Alla luce di questo se finalmente questi organi si sono attivati per regolamentare in modo univoco l’uso dell’autovelox si tratta di atto dovuto e sicuramente auspicabile, non certamente di ingerenza nell’autonomia comunale.
L'autovelox è uno strumento di prevenzione sul fronte della sicurezza stradale in favore di tutti i cittadini e non un modo per incassare denaro. Per questo concordiamo vada usato in particolar modo sulle strade killer per scoraggiare gli automobilisti indisciplinati. Dove porli comunque va deciso nelle riunioni del Comitato per l'ordine e la sicurezza pubblica.
Sicuramente se veramente si vuole fare prevenzione e non solo cassa la contestazione immediata dell’infrazione è senza dubbio da privilegiare, ovviamente ove possibile, per ovvie ragioni che gli addetti ai lavori ben conoscono, ma che ricordiamo per gli utenti indisciplinati.
In primis permette di individuare senza ombra di dubbio e con buona pace di tanti nonni incolpevoli l’effettivo trasgressore.

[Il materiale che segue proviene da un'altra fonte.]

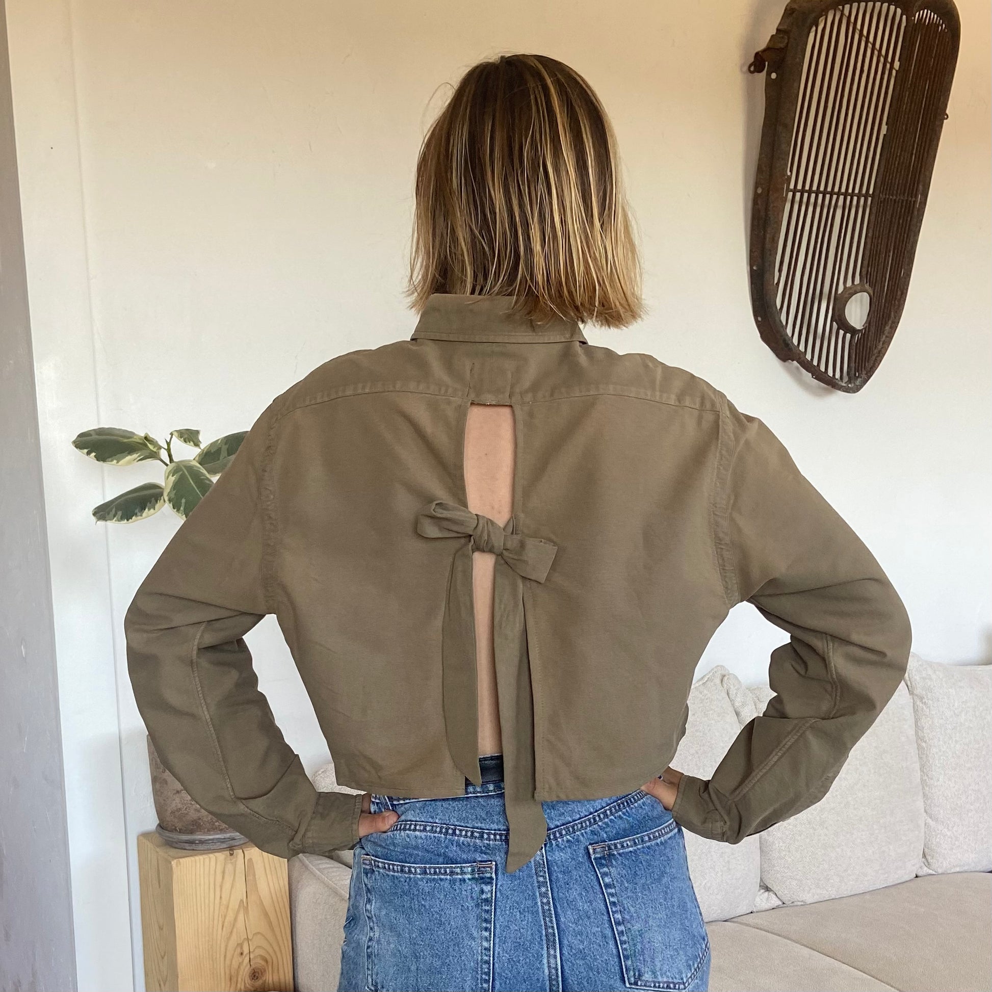 Faite à partir de chemises chinées et transformée à Lyon, cette blouse unique allie style et respect de l’environnement.
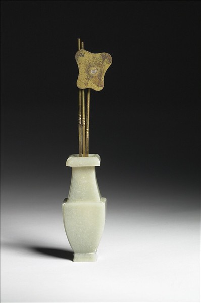 青玉,帶白色沁斑。口唇外捲,長頸,上窄下寬,直腹下斂,方形圈足。四邊各有一細線凹槽。此瓶附香著及扇形香鏟。
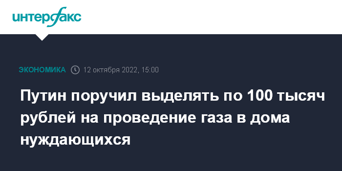 Москва. 12 октября. INTERFAX.RU - Президент Владимир Путин поручил губернаторам предоставить субсидии нуждающимся гражданам в размере 100 тысяч рублей на приобретение газового оборудования. Он сообщил об этом, выступая на "Российской энергетической неделе".

Quindi permette di ottenere l’immediata informazione dell’infrazione commessa con il vantaggio che spinge l’utente ad adeguare immediatamente il proprio comportamento al rispetto della norma, evitandogli di incorrere nella stessa infrazione.
Senza ovviamente cadere nell’eccesso opposto, non dobbiamo mai perdere di vista l’obiettivo primario della sicurezza per la circolazione e per gli operatori in sevizio di polizia stradale.
Molti comuni obbietteranno cje c'è unamancanza di personale. Non è questa una giustificazione sufficiente, visto che tali sevizi possono essere svolti in forma consorziata o in collaborazione con altri servizi di Polizia locale.
Infine sarebbe opportuno cogliere l’occasione per effettuare una rivisitazione generale dei limiti di velocità esistenti sulle varie strade della provincia, sulla segnaletica in genere, ed in particolare su quella verticale abbandonata.